Деревня постепенно стала для нас почти родной и воспринималась нашими с Леной дочерьми, Машей и Соней (когда Маше исполнилось четыре года, появилась моя замечательная племяшка, Сонька) как малая родина. Жизнь еще теплилась в ней, некоторые люди жили здесь постоянно, а на хутор вблизи вернулись из Череповца бывшие деревенские, выкупившие у сельсовета двухэтажную, старую начальную школу, в которую они сами когда-то ходили. До 60х годов двадцатого века наша деревня была большой — примерно на семьдесят домов, со своей школой, магазином, почтой и даже кладбищем в ближнем лесу.

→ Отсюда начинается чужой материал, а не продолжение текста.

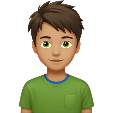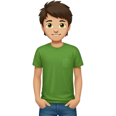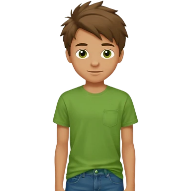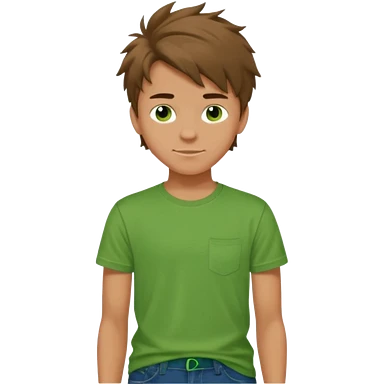 A 14 yerar old teenage boy, slightly tanned, wearing a green tshirt (no shirt pocket), blue jeans and green sneakers with brown tousled hair, smirking emoji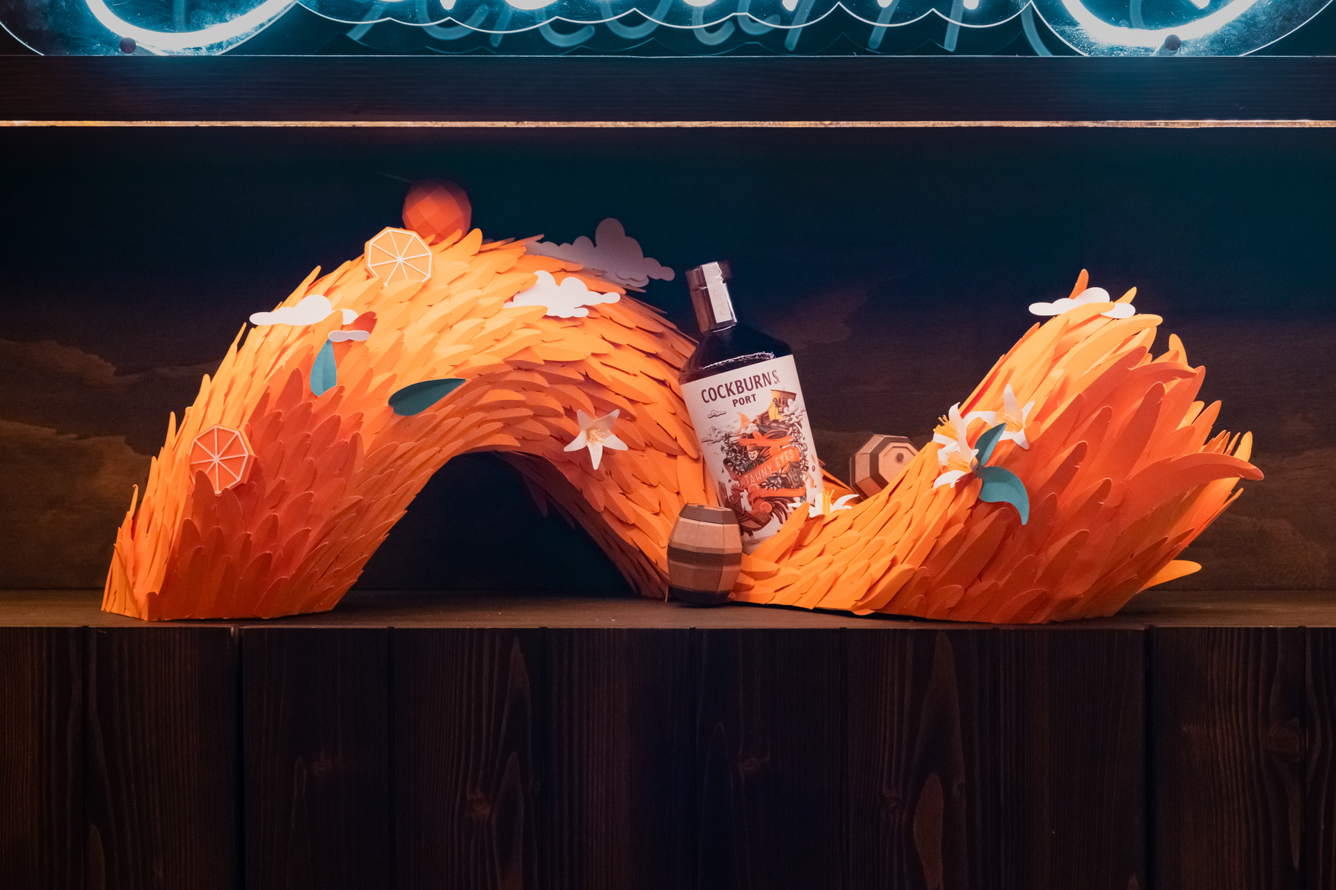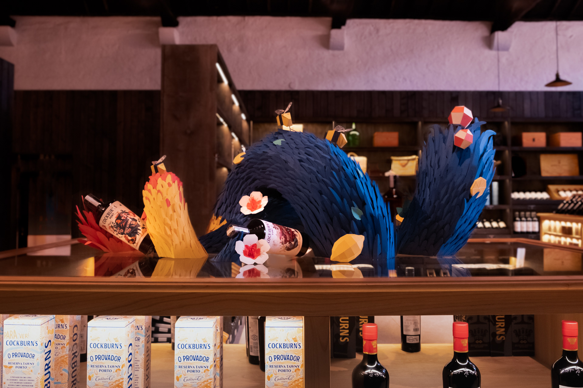 We developed a series of installations to hold each bottle, inspired by the beautiful illustrations of the wine's label.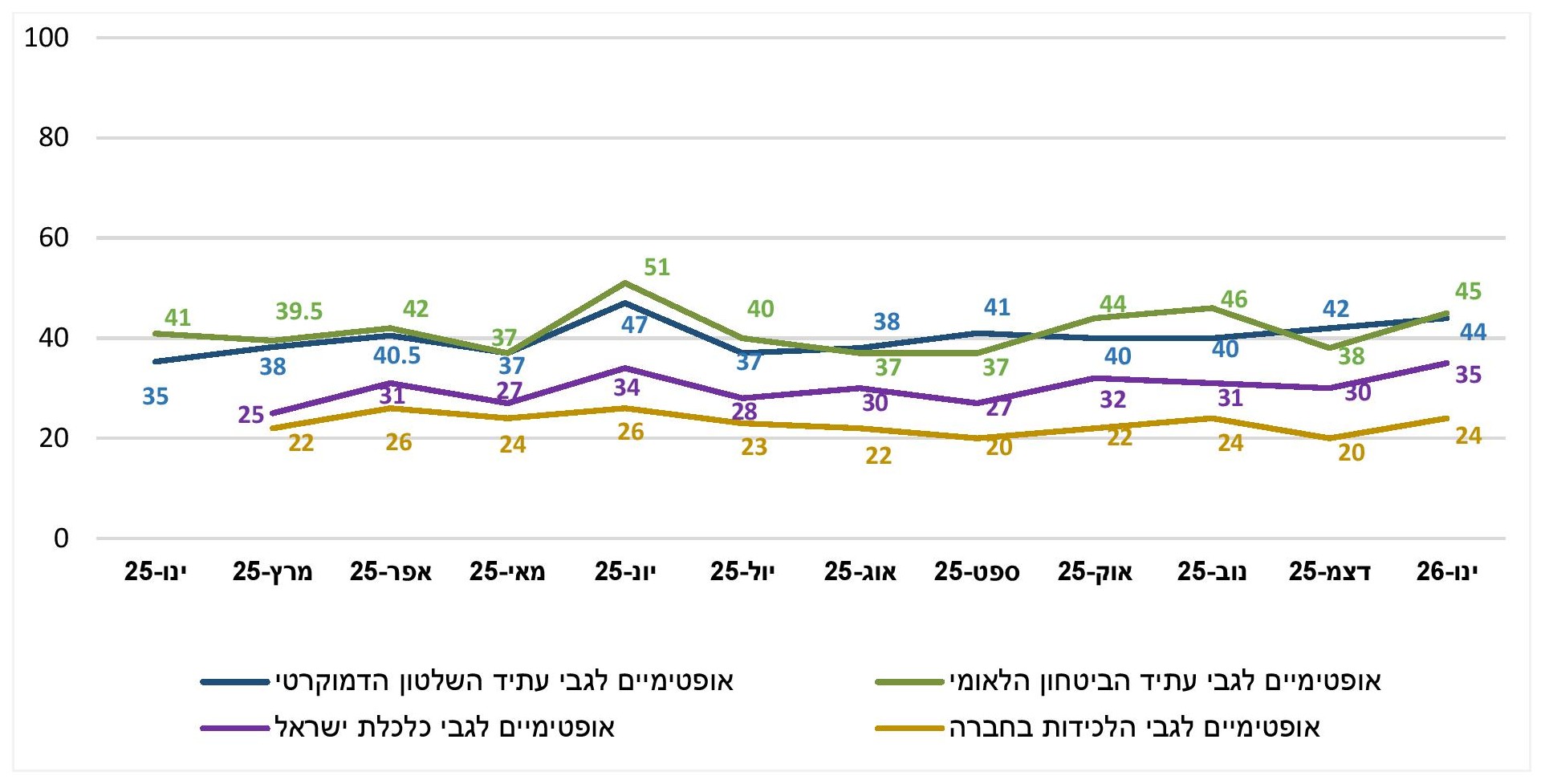 | שמאל-מרכז | 26 | 15 | 25 | 5.5בגלל גודלה של קבוצה זו, הנתון שהתקבל החודש אינו מאפיין אותה. ממוצע שיעור האופטימיים בקרב קבוצה זו ב-6 החודשים האחרונים (יולי-דצמבר 2025) עמד על: 11% |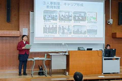 2025年10月23日(木)に、3年生の必修科目である「キャリア開発論」にて株式会社山新 総務部主任の早田恵美氏をお招きし、山新の事業内容、組織編制、人事制度などについてご講義していただきました。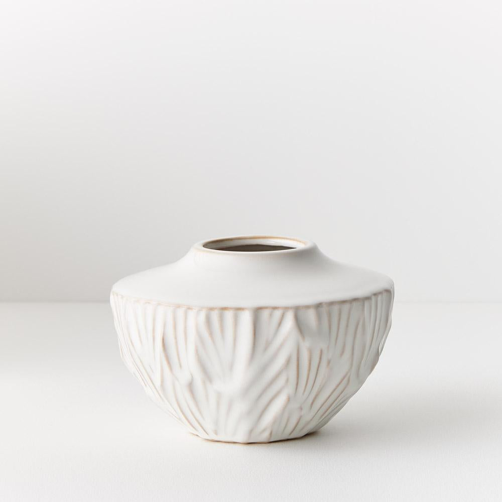 The Bryna Vase features a distinctive design with a curved base and a flatter top, complemented by a small opening. Standing at a modest 16cmh, it's perfect for minimalist arrangements or as a decorative accent, offering a touch of contemporary sophistication to any space.
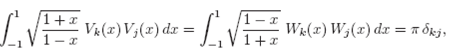 Chebyshev polynomials Vk (x) and Wk (x) are orthogonal on (-1,1) in the sense that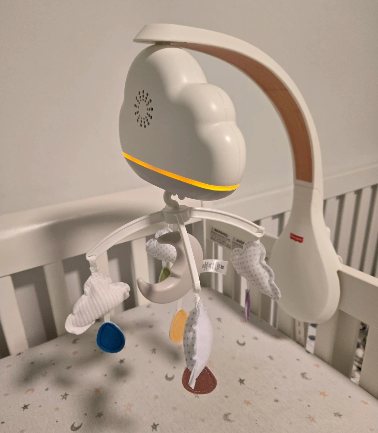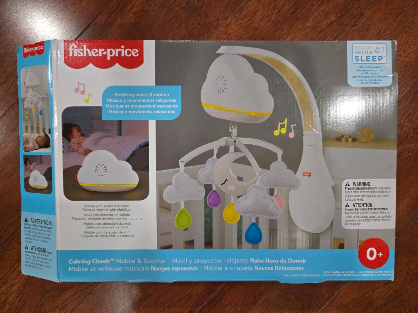 This Fisher-Price Calming Clouds Mobile & Soother plays soothing music and motion. It features a tabletop soother with a light and sound detection function. Suitable for 0-5 months.

С нашим приездом жители оставались всего в пяти из десятка «живых» домов. На самом краю деревни стоял хоть и покосившийся, но еще крепкий дом бабы Симы, старой женщины, имевшей детей и внуков в городе, но не желавшей покидать место, где она родилась и прожила всю свою жизнь. Напротив бабы-Симиного дома через дорогу стоял по северному срубленный, большой и какой-то очень прямой дом местного плотника деда Коли, высокого, сутулого старика. От погреба до конька на крыше дом сделал он сам, да так, что летом в нем в самую жару было прохладно, а зимой в самые сильные морозы — тепло. В этом доме поражало количество комнат, коридоров и лестниц, располагавшихся таким образом, что я никогда не видела в нем ни одной мухи, или комара. Всю мебель в доме тоже сделал сам дед Коля. Было видно, с какой любовью и умением сработаны потемневшие от времени столы, лавки, табуретки, комоды, горки и шкафы. Удивительно ловко было открывать в этом доме двери, садиться за стол, держаться за лавку, открывать какой-нибудь шкафчик. Здесь меня не покидало ощущение, что с каждым прикосновением к этим вещам мне передается нежность, с которой он когда-то очищал от стружек и опилок доски и бруски дерева, пошедшие в дело, нежность его разбитых тяжелой работой рук. Дед Коля был особенный. Только среди деревенских стариков можно еще встретить такую чистую и святую доброту, заглянуть в такие мудрые и ласковые глаза. Он сразу полюбил моего мужа Сережу за то, что тот тоже деревенский и так и не прирос к городской жизни, хоть ему и приходится с ней мириться из-за семьи. Нашему летнему приезду радовался, пожалуй, он один. Подходя к нашему дому и широко улыбаясь беззубым ртом, он говорил «окая» по-вологодски: «Сереженькя, милой мой, я тебя ожидал, пойдем ко мне поговорим». Они шли и говорили о чем-то долго и с удовольствием и не могли расстаться.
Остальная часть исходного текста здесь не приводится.